▶ _YOUR OBJECTIVE_: Set out exactly, line by line, the stretch of data below that begins at the line containing "Lucky Brand Blue" and ends at the line containing "Ovaj drveni suvenir", with both ends kept.

▶ _INFORMATION SHOWN_:

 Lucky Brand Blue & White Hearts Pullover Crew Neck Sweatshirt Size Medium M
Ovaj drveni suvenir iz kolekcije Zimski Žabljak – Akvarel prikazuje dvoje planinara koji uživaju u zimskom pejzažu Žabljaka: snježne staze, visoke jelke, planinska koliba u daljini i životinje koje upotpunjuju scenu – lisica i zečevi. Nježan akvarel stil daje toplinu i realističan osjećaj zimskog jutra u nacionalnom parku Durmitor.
==
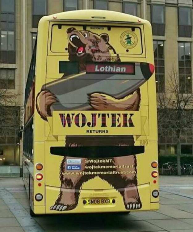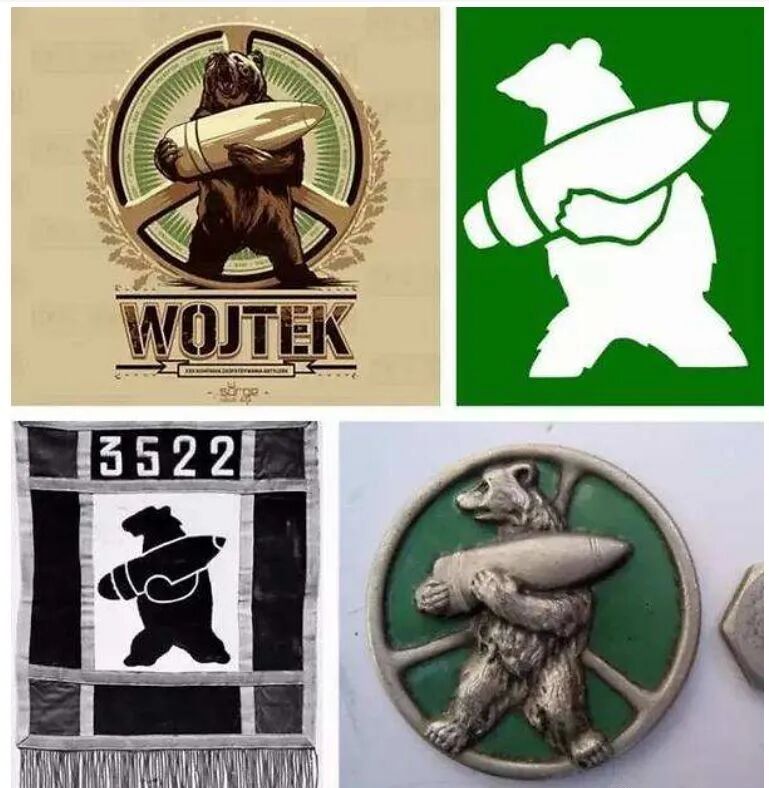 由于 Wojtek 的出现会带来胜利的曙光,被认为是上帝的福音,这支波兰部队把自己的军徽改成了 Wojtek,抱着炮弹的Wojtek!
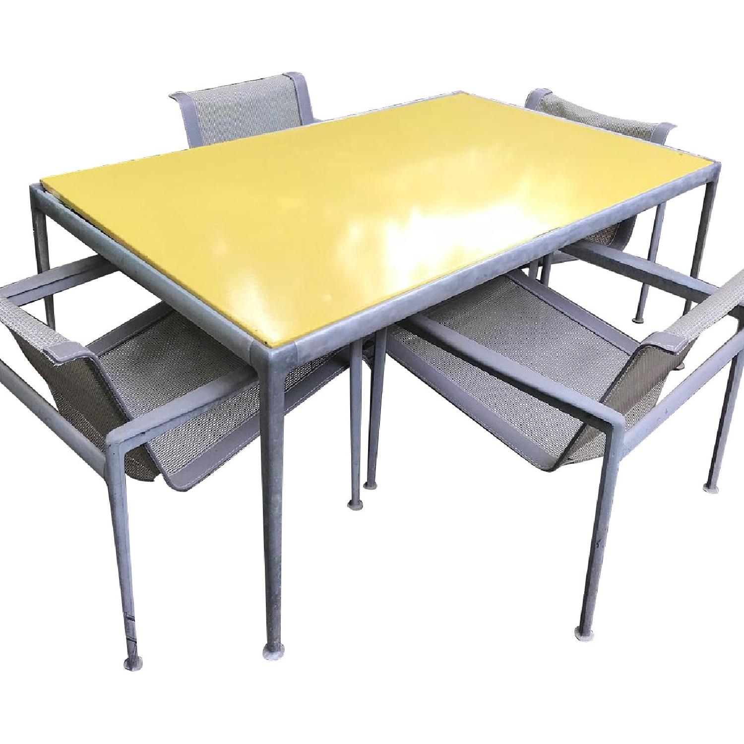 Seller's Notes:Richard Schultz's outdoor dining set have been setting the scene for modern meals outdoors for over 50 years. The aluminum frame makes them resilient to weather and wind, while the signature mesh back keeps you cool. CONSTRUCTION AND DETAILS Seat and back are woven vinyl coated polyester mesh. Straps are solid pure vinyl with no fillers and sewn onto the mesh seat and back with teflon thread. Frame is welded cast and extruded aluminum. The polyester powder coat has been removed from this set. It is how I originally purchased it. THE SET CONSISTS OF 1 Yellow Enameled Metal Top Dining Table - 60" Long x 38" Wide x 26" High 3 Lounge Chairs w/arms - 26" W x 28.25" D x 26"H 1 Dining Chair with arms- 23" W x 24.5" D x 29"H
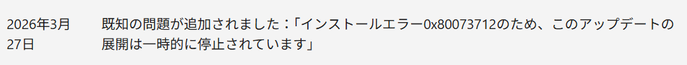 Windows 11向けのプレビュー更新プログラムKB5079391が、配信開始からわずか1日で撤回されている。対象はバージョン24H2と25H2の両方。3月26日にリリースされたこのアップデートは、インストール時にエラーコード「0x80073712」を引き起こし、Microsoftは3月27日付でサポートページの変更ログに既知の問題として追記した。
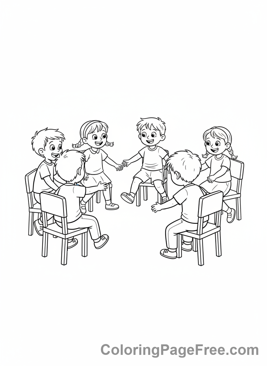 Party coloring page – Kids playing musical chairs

▶ _OUTPUT FOR THIS EXERCISE_:
 Lucky Brand Blue & White Hearts Pullover Crew Neck Sweatshirt Size Medium M
Ovaj drveni suvenir iz kolekcije Zimski Žabljak – Akvarel prikazuje dvoje planinara koji uživaju u zimskom pejzažu Žabljaka: snježne staze, visoke jelke, planinska koliba u daljini i životinje koje upotpunjuju scenu – lisica i zečevi. Nježan akvarel stil daje toplinu i realističan osjećaj zimskog jutra u nacionalnom parku Durmitor.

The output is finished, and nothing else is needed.